TASK INPUT:
=== Begin Enclosure ===

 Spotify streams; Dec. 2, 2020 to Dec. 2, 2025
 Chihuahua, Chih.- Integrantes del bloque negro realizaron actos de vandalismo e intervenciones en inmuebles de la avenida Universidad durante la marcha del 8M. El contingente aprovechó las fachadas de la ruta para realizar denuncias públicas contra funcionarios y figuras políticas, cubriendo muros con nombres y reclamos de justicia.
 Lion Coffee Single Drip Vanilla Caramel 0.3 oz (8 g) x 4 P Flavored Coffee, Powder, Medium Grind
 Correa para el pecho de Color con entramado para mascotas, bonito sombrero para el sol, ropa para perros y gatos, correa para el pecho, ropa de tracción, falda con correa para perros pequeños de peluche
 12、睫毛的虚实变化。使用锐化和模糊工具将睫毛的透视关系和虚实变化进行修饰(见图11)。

=== End Enclosure ===
=== Begin Enclosure ===

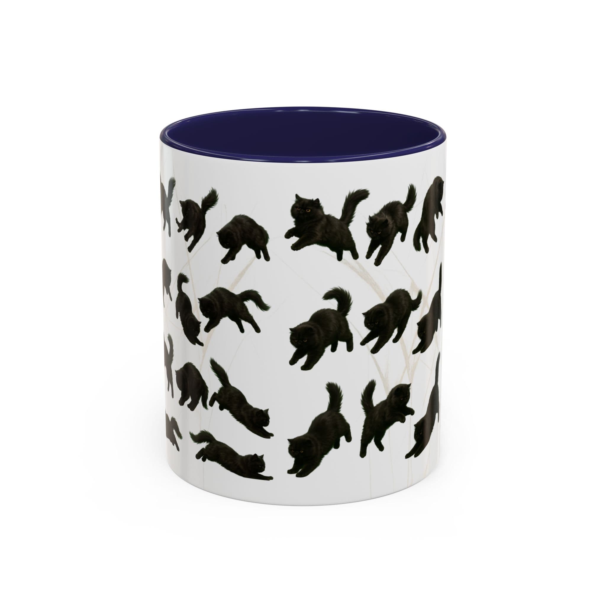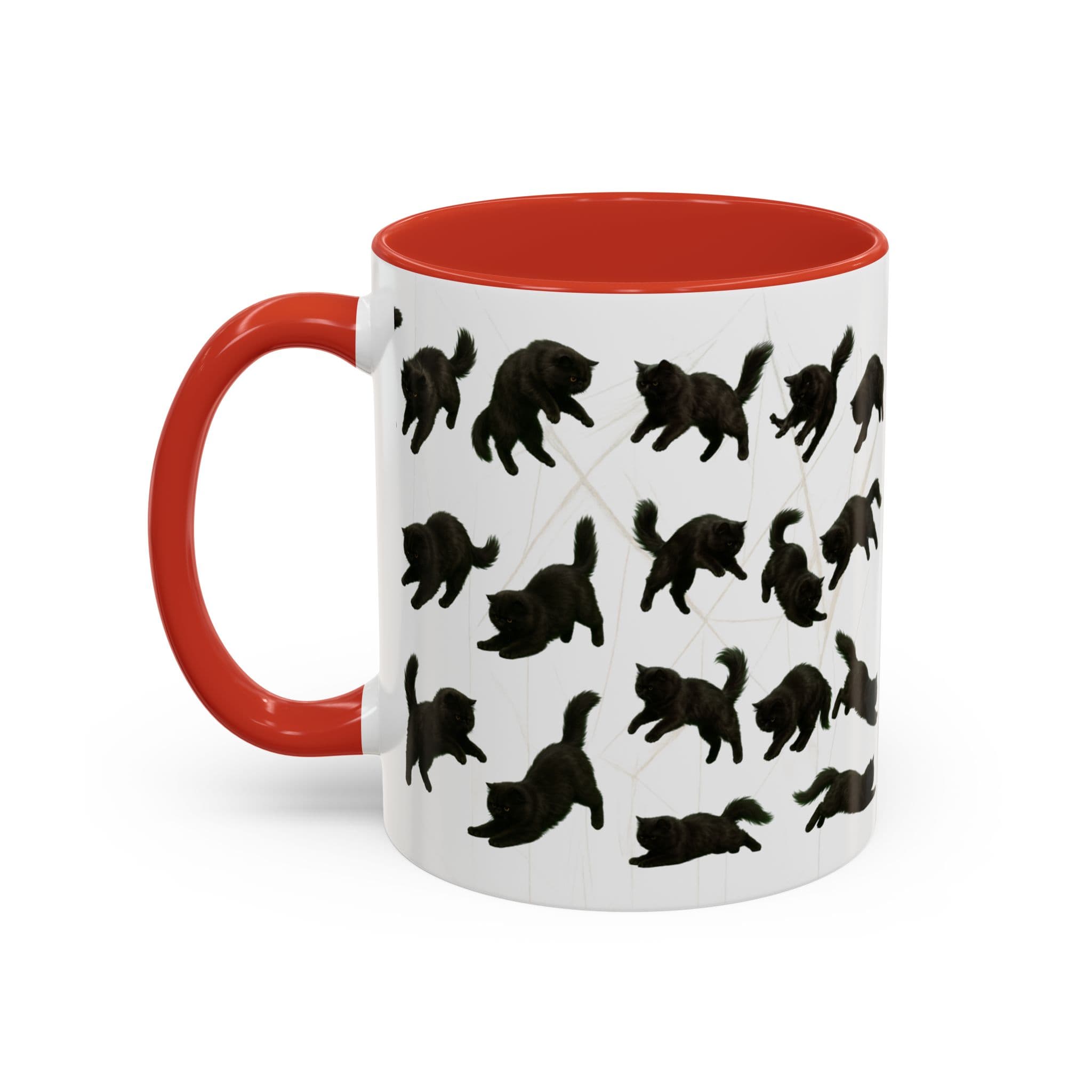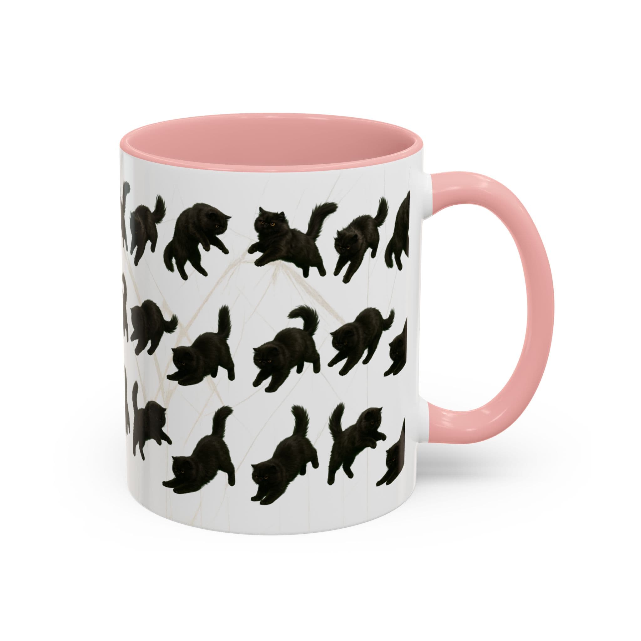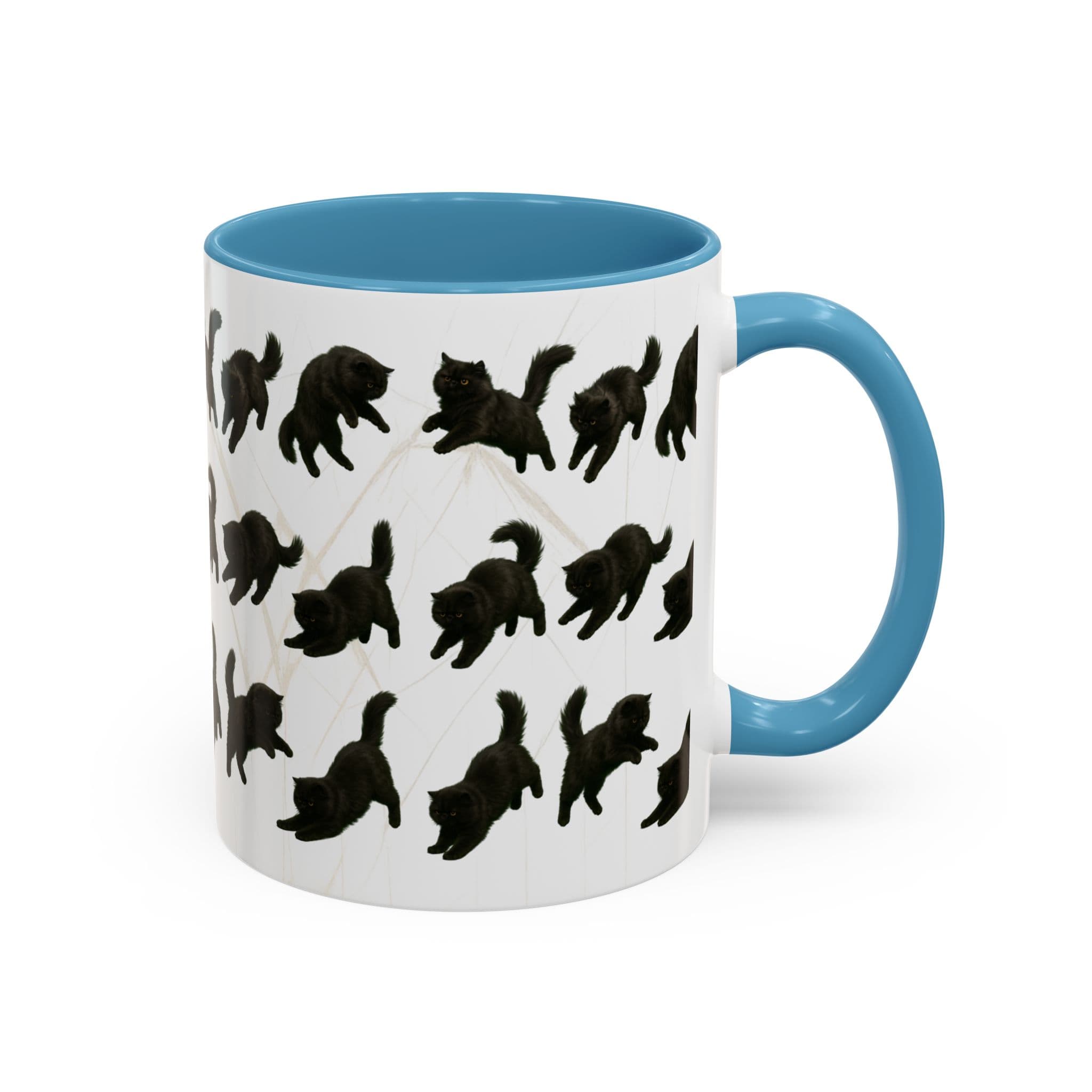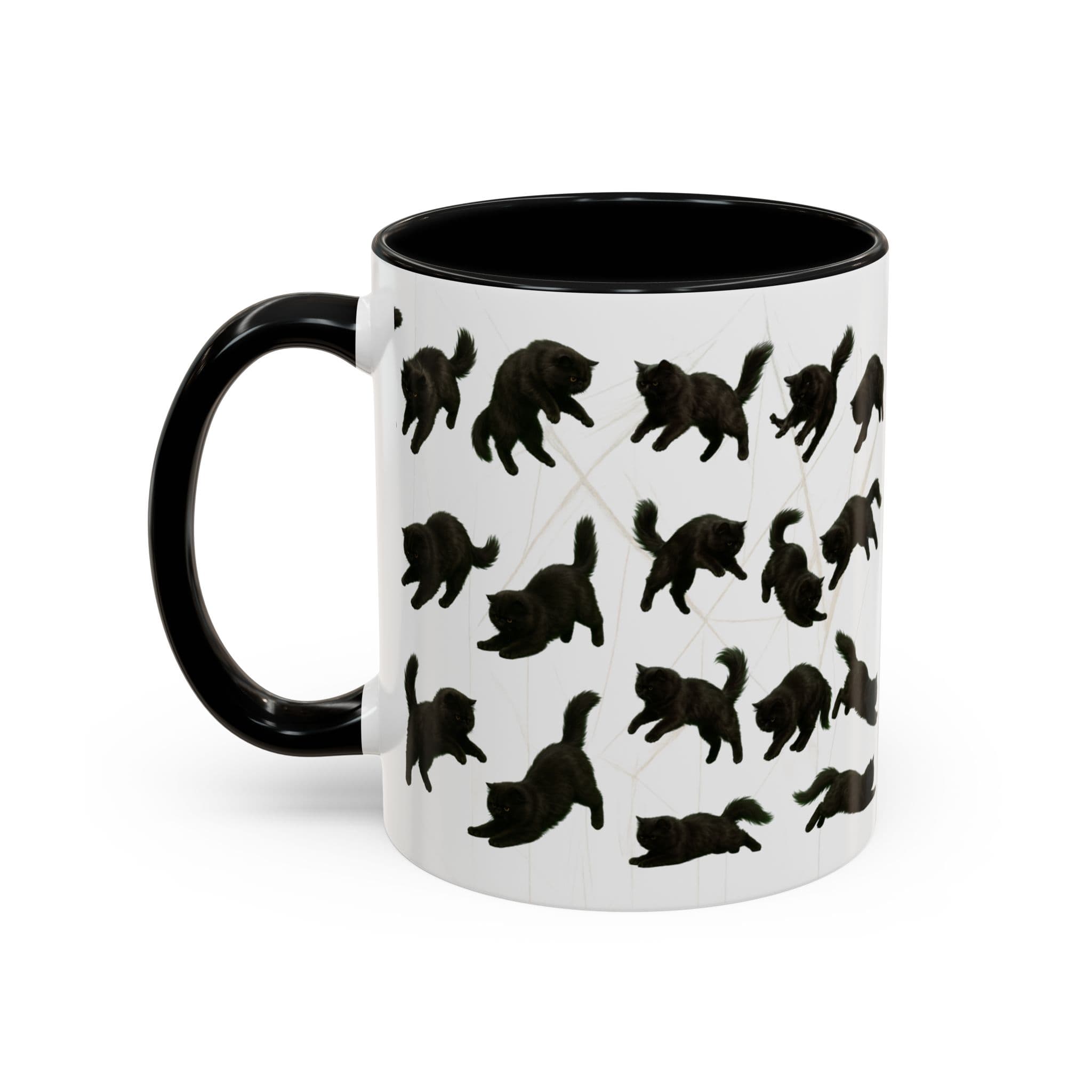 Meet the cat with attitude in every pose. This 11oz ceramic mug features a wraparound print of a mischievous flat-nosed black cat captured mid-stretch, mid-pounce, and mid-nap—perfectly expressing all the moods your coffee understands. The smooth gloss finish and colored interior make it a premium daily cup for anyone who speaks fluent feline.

=== End Enclosure ===

WORK ITEM:
Set down, unchanged, only those lines above that fall between the line with "Chihuahua, Chih.- Integrantes" and the line with "Lion Coffee Single", the two end lines included.

ANSWER BELOW:
 Chihuahua, Chih.- Integrantes del bloque negro realizaron actos de vandalismo e intervenciones en inmuebles de la avenida Universidad durante la marcha del 8M. El contingente aprovechó las fachadas de la ruta para realizar denuncias públicas contra funcionarios y figuras políticas, cubriendo muros con nombres y reclamos de justicia.
 Lion Coffee Single Drip Vanilla Caramel 0.3 oz (8 g) x 4 P Flavored Coffee, Powder, Medium Grind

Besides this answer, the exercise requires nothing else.